CloudLIVE Boston 2019 – What Enterprise Cloud Teams Can Learn From Their Peers – Forbes Blog by John Webster

By , Tuesday, October 1st 2019

Categories: Analyst Blogs

The CloudLIVE event held recently in the metropolitan Boston area served as a venue for the give and take of practical cloud management advice. I attended the event and will focus here on what I heard from presenters and panelists who were users of public clouds—typically AWS, Azure and GCP. Of particular interest were the discussions around the cloud team or what is sometimes called the Cloud Center of Excellence within enterprise IT organizations.
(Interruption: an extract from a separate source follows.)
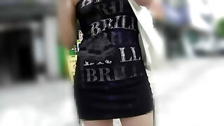 Asian With Bigass Taut Leather Leggings Wetlook White Shirt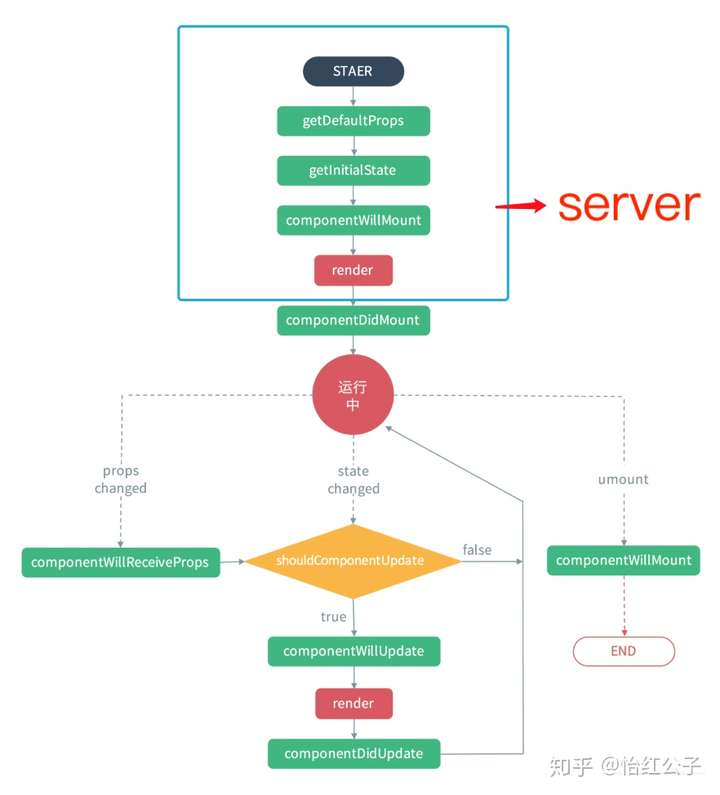 通过上面的图我们可以清楚的了解运行在 Node 中 React 的生命周期,在服务端渲染的时候我们没有 componentDidMount 这个生命周期,只会执行到 componentWillMount 这个生命周期,那我们可以把请求放在这里面吗?还有我们的请求是异步的,那我们的能在生命周期里用async/await 吗?显而易见,都是否定的。因为React在调用生命周期是同步式的调用,很多新人在这里会掉进坑里。那使用不了async/await,那我们就不能再生命周期里去处理请求,因为请求是异步的,渲染是同步的。那我们该把请求放在哪里呢?我们可以把请求放入componment 的 constructor 里然后在路由 match 中获取所有需要渲染的 componment,然后把所有的请求放入到请求池中,利用 Promise.all 和 ThinkJS async/await 的特性,就可以在渲染组件前获取到所需要的数据,详情可以见下面的代码。

One user outlined the formation of a cloud team in this way: Cloud usage among developers and business user groups was burgeoning. The monthly bill was skyrocketing. There was a need to manage cloud usage in a beneficial way and establish cost control. This led to the formation of the cloud team or as some call it, the Cloud Center of Excellence (CCoE).

Cloud team advice I heard mentioned at the conference generally fell into three categories:

Technical

The team members should represent business governance and technical expertise in specific areas such as infrastructure (servers, networking, storage, IT architecture), application development, security, and standards. The technical aspect of the team focuses essentially on making things work in the cloud and ways to mitigate enterprise risk exposure in the cloud.

Managerial

Presenters and panelists encouraged attendees to avoid operating in a way that stifles innovation and creativity. The team should not box-in developers and business user groups with inflexible operational standards. Rather, they should establish best practices, guidance and training to enhance cloud usage and the resulting productivity among developers and users. Otherwise, these users can and will go elsewhere.

Financial

As mentioned, teams can be formed initially on the fear that monthly OPEX spending on cloud resources has gotten to the point where it can no longer be forecast accurately. This spawns a comprehensive analysis of cloud usage and user behaviors. Cloud architectures are scrutinized for inefficiency and waste. The managerial thrust is first toward informing users of wasteful behavior and then using more forceful means to foster cost consciousness. One panelist spoke of a wall of shame – a dashboard that tallied and analyzed cloud spending by each cloud user group with an efficiency rating appended to each one. Others spoke of using a “show-back” process first to inform users of their spending practices followed by instituting chargeback later. This prompted one panel member to quip that show-back saved some money, chargeback saved serious money.

These three responsibility categories – technical, managerial, financial – define the opportunity for vendors that now offer cloud management platforms (CMPs), an example of which is VMware’s CloudHealth, the organizer and sponsor of the CloudLIVE event. Buyers of CMPs are cloud teams and CCoEs that need tools to reach their objectives. As usual, they can either build them or buy them. But now that they can get them on a SaaS subscription basis from CMPs, I believe users will prefer to acquire them that way.